A Markov chain on states $\{0,1,2,3,4,5,6,7\}$ has the transition probability matrix
$$P= \begin{bmatrix} 0 & 1 & 0 & 0 & 0 & 0 & 0 & 0 \\ 0 & 0 & 1 & 0 & 0 & 0 & 0 & 0 \\ 0 & 0 & 0 & 1 & 0 & 0 & 0 & 0 \\ 0 & 0 & 0 & 0 & 1 & 0 & 0 & 0 \\ 0.5 & 0 & 0 & 0 & 0 & 0.5 & 0 & 0 \\ 0 & 0 & 0 & 0 & 0 & 0 & 1 & 0 \\ 0 & 0 & 0 & 0 & 0 & 0 & 0 & 1 \\ 1 & 0 & 0 & 0 & 0 & 0 & 0 & 0 \\ \end{bmatrix}. $$ How can I determine the period of each states of the Markov chain ?
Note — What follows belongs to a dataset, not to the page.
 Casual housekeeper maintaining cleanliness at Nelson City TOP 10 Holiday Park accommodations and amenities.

I noticed that it is an irreducible Markov chain. So every state will have the same period. Is there any easy technique to find the period of the given Markov chain with the mentioned transition probability matrix $P$?
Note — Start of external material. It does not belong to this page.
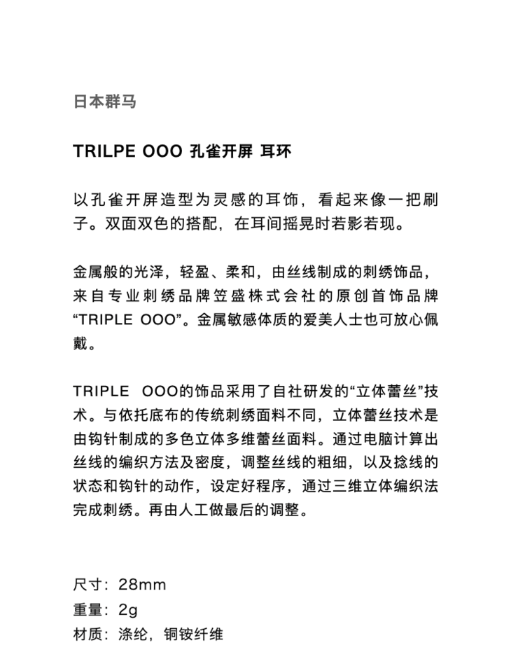 TRIPLE OOO|孔雀开屏耳环 商品图2

For this very special case, note that starting at 0 it must go 0,1,2,3,4 and then from 4 it might go back to 0, making the least $n>0$ with $P_{00}^{(n)}>0$ to be $n=5.$ But again resuming from 4 it might go on to 5, then it must go to 6,7, then 0. That means that also $P_{00}^{(8)}>0.$ The gcd of 5 and 8 is 1, so if I'm following the definition right it seems here the period is 1.